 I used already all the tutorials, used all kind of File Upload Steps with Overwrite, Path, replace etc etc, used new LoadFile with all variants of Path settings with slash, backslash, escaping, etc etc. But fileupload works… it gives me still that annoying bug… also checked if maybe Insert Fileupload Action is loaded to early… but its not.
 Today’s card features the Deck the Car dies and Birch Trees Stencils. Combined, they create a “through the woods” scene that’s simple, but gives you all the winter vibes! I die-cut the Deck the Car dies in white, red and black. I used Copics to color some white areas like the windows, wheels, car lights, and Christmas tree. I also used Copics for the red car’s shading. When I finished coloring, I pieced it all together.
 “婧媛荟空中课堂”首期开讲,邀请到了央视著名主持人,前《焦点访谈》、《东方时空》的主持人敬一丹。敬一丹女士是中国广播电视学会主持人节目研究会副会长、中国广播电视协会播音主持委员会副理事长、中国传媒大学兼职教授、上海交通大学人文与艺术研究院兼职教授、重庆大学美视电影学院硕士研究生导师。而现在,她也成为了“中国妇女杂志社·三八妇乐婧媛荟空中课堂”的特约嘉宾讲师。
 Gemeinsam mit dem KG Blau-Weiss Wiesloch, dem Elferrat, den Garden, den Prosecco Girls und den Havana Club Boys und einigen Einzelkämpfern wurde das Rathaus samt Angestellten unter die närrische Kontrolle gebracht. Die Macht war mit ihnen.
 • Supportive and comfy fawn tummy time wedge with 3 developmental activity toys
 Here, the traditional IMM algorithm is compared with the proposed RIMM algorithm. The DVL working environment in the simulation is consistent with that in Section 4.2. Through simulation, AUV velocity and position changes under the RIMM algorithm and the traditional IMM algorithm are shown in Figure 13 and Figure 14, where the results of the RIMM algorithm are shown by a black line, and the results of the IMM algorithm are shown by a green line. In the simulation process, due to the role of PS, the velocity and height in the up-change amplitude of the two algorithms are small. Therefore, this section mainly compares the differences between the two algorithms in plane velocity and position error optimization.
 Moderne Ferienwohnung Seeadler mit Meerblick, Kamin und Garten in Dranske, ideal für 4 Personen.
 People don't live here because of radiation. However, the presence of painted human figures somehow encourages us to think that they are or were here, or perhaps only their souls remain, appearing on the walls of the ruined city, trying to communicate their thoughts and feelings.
***
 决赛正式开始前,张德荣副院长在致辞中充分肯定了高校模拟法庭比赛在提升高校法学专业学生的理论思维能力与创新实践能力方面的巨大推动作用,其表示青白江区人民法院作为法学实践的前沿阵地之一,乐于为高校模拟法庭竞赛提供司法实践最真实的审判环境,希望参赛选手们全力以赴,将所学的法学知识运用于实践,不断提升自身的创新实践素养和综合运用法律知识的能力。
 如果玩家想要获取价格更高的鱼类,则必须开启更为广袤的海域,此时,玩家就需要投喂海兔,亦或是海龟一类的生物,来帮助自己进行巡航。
***
Print exactly the lines above from the one with "决赛正式开始前,张德荣副院长" to the one with "如果玩家想要获取价格更高的鱼", including both.

▶ [RESULT FOR THIS EXERCISE]
 决赛正式开始前,张德荣副院长在致辞中充分肯定了高校模拟法庭比赛在提升高校法学专业学生的理论思维能力与创新实践能力方面的巨大推动作用,其表示青白江区人民法院作为法学实践的前沿阵地之一,乐于为高校模拟法庭竞赛提供司法实践最真实的审判环境,希望参赛选手们全力以赴,将所学的法学知识运用于实践,不断提升自身的创新实践素养和综合运用法律知识的能力。
 如果玩家想要获取价格更高的鱼类,则必须开启更为广袤的海域,此时,玩家就需要投喂海兔,亦或是海龟一类的生物,来帮助自己进行巡航。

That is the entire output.